The information furnished
pursuant to this Item and the related exhibit are being “furnished”
and will not, except to the extent required by applicable law or regulation, be deemed “filed” by the Company for purposes
of Section 18 of the Exchange Act, or incorporated by reference in any filing under the Securities Act of 1933, as amended, or the
Exchange Act, except as may be expressly set forth by specific reference in such filing.
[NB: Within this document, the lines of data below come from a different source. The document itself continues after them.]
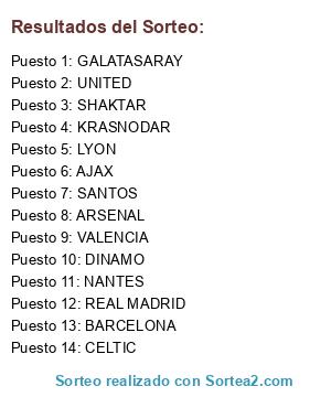 Lista de participantes: LYON, SHAKTAR, BARCELONA, GALATASARAY, KRASNODAR, NANTES, REAL MADRID, DINAMO, ARSENAL, CELTIC, UNITED, VALENCIA, AJAX, SANTOS.
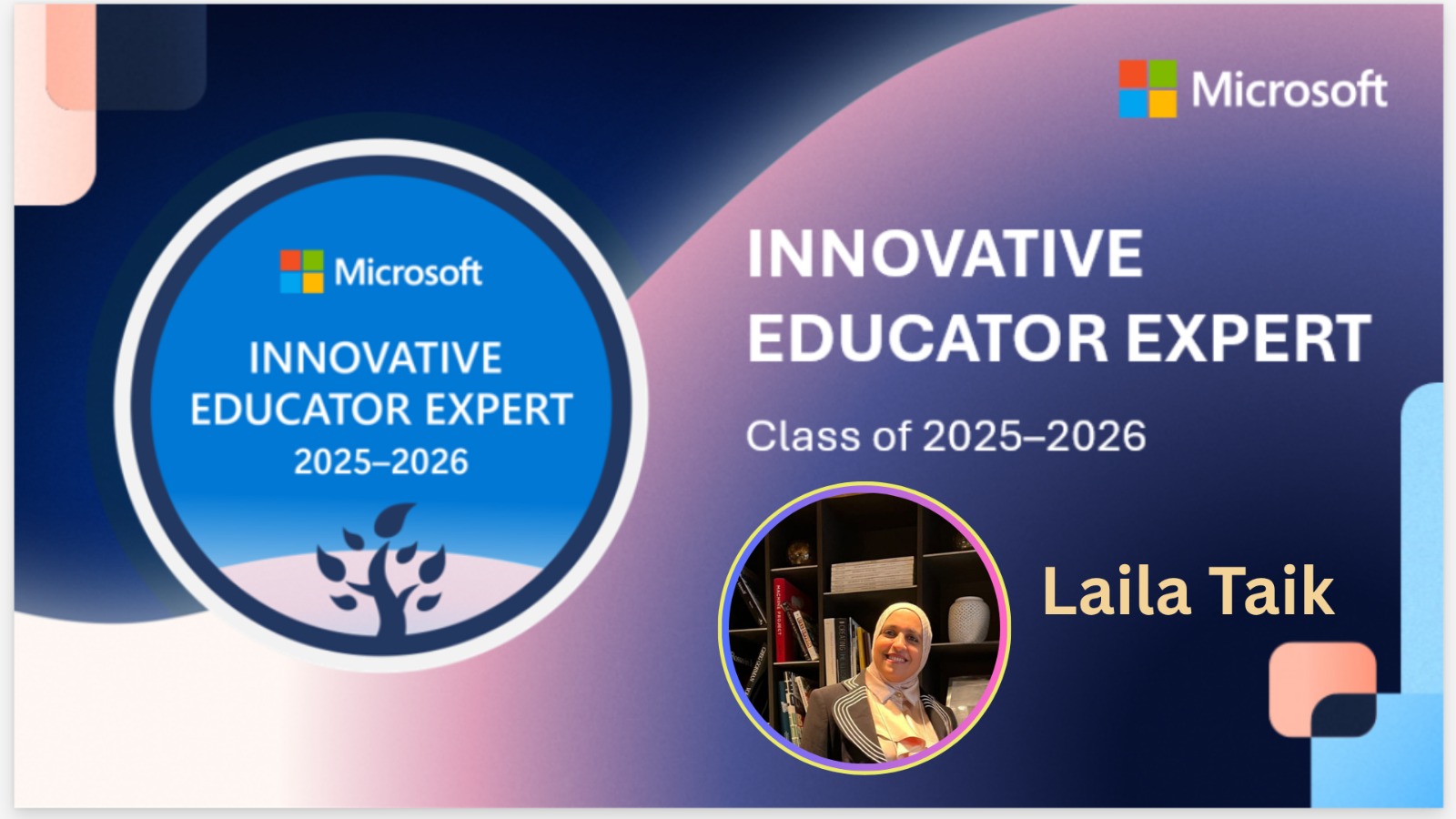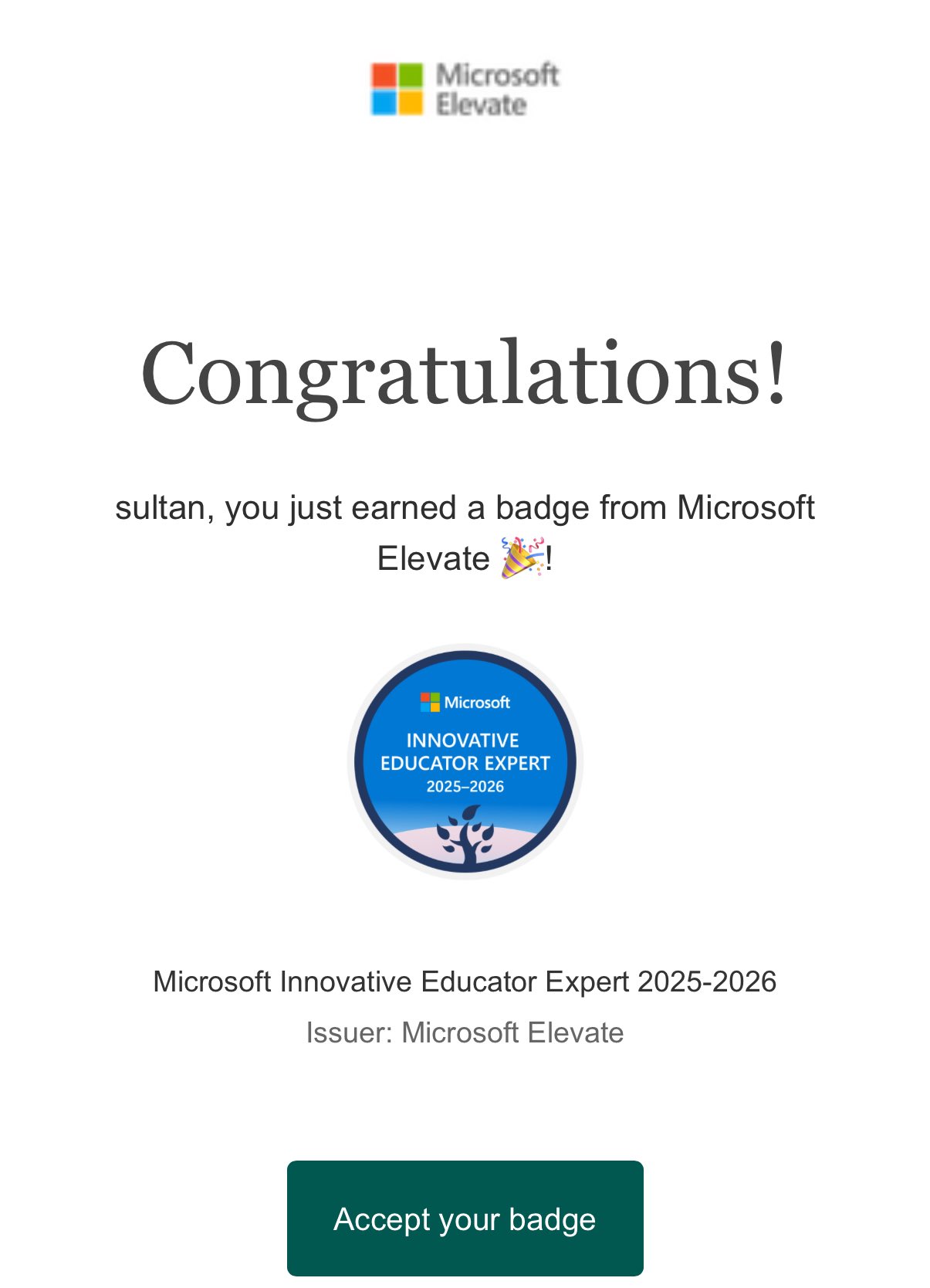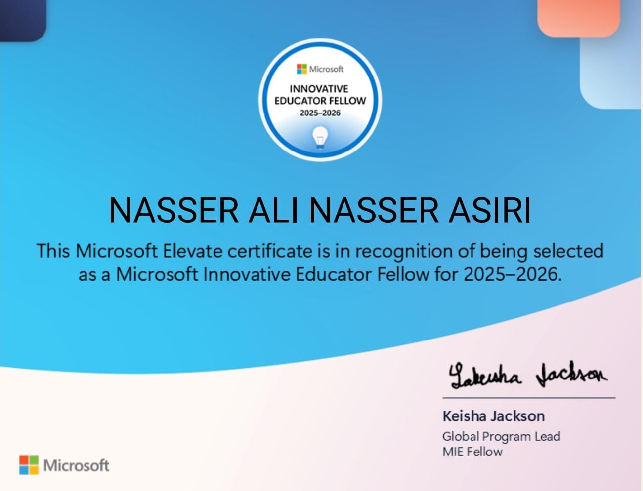 بفضل الله حصلت على شارة #خبير_مايكروسوفت_للتعلم_الابداعي (MIE Export) لعام 2025-2026، هذه الشارة تعزز شغفي بتوظيف التقنية لابتكار تجارب تعلم تفاعلية، وتدفعني لمواصلة تطوير التعليم نحو توظيف أدوات رقمية تواكب احتياجات المتعلمين.
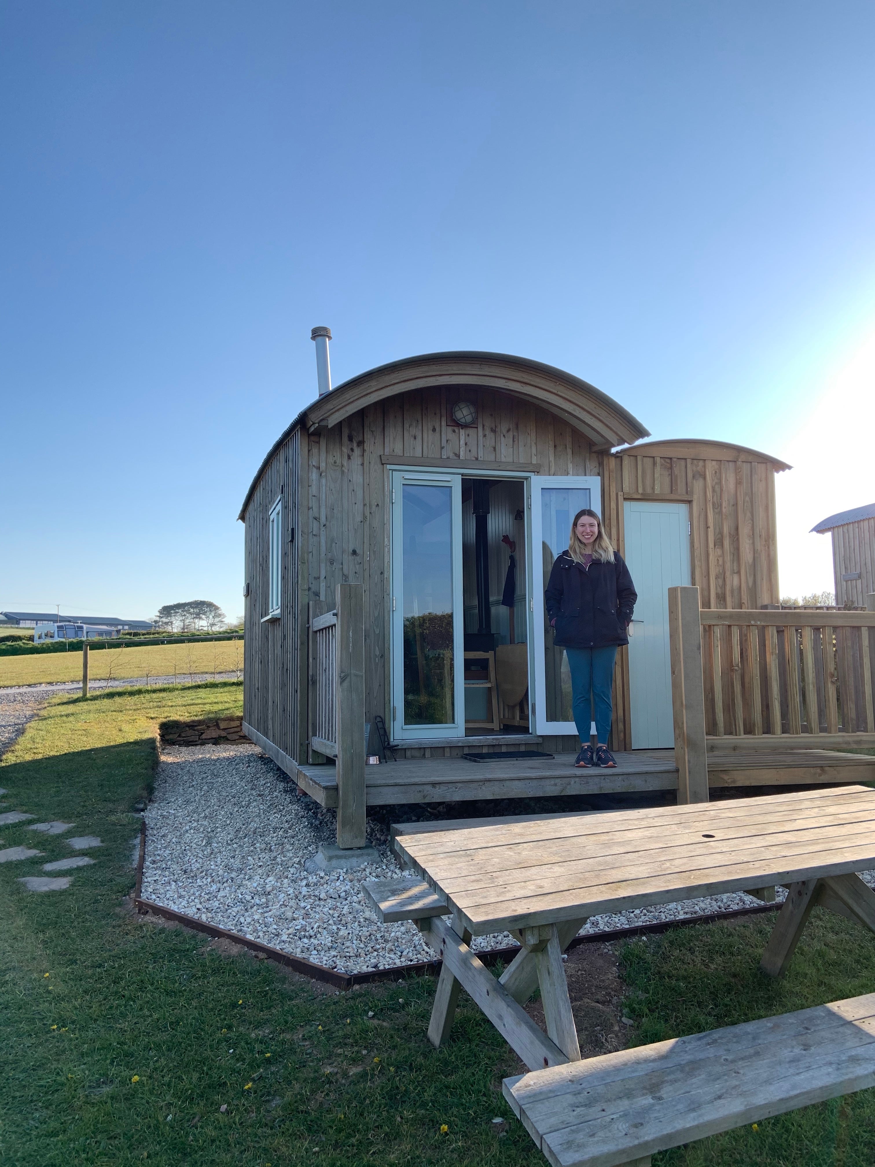 I’m in the Foxes Den which has an en-suite toilet (new for 2021), a comfy double bed (though it’s up a ladder so book either The Potting Shed or The Shippen if that’s a problem), and a small leather couch. I enjoy my morning coffee at the picnic table with its views of the Kingsbridge Estuary and flocks of sheep merrily grazing in the surrounding fields.
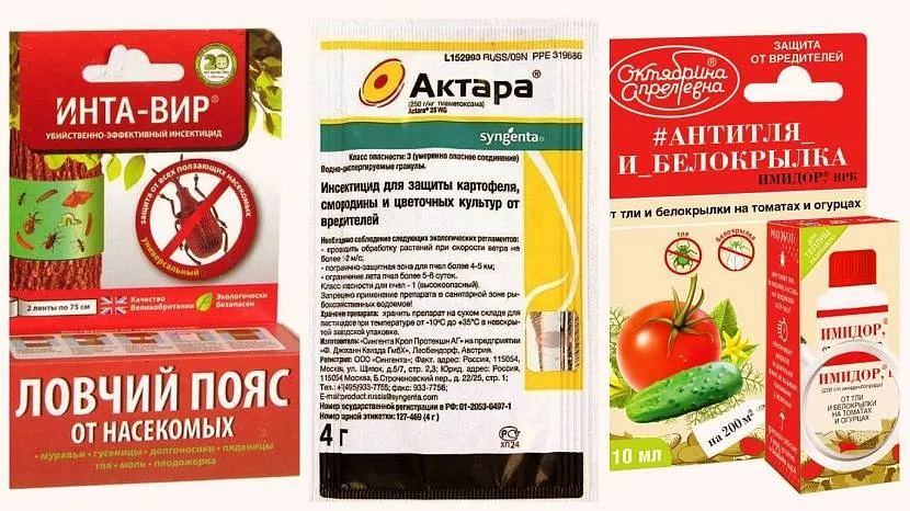 - «Актара» — содержит тиаметоксам. Через 15 минут после обработки насекомые прекращают питание и в течение суток гибнут. В продажу поступает в виде водно-диспергируемых гранул и концентрированной суспензии. Малоопасен для человека. Опасен для пчел. Используется для полива под корень и для опрыскивания растений. Применяется однократно. Урожай рекомендуется собирать не ранее, чем через три дня после применения препарата.

Special Note Concerning Forward-Looking Statements
This report contains “forward-looking
statements” within the meaning of the safe harbor provisions of the U.S. Private Securities Litigation Reform Act of 1995. Forward-looking
statements include, without limitation, statements concerning plans, estimates, calculations, forecasts and projections with respect to
the anticipated future performance of the Company and HMNF and certain plans, expectations, goals, projections and benefits relating to
the Merger, all of which are subject to numerous assumptions, risks and uncertainties. These statements are often, but not always, identified
by words such as “may,” “might,” “should,” “could,” “predict,” “potential,”
“believe,” “expect,” “continue,” “will,” “anticipate,” “seek,”
“estimate,” “intend,” “plan,” “projection,” “would,” “annualized,”
“target” and “outlook,” or the negative version of those words or other comparable words of a future or forward-looking
nature. Examples of forward-looking statements include, among others, statements the Company makes regarding the ability of the Company
and HMNF to complete the transactions contemplated by the Agreement and Plan of Merger, dated May 14, 2024, between the Company and
HMNF (the “Merger Agreement”), including the parties’ ability to satisfy the conditions to the consummation of the Merger,
statements about the expected timing for completing the Merger, the potential effects of the proposed Merger on both the Company and HMNF,
and the possibility of any termination of the Merger Agreement, and any potential downward adjustment in the exchange ratio.
Forward-looking statements
are not historical facts but instead express only management’s beliefs regarding future results or events, many of which, by their
nature, are inherently uncertain and outside of management’s control. It is possible that actual results and outcomes may differ,
possibly materially, from the anticipated results or outcomes indicated in these forward-looking statements. In addition to factors disclosed
in reports filed by the Company and HMNF with the SEC, risks and uncertainties for the Company, HMNF and the combined company that may
cause actual results or outcomes to differ materially from those anticipated include, but are not limited to: (1) the possibility
that any of the anticipated benefits of the proposed Merger will not be realized or will not be realized within the expected time period;
(2) the risk that integration of HMNF’s operations with those of the Company will be materially delayed or will be more costly
or difficult than expected; (3) the parties’ inability to meet expectations regarding the timing of the proposed Merger; (4) changes
to tax legislation and their potential effects on the accounting for the Merger; (5) the failure to satisfy other conditions to completion
of the proposed Merger; (6) the failure of the proposed Merger to close for any other reason; (7) diversion of managements’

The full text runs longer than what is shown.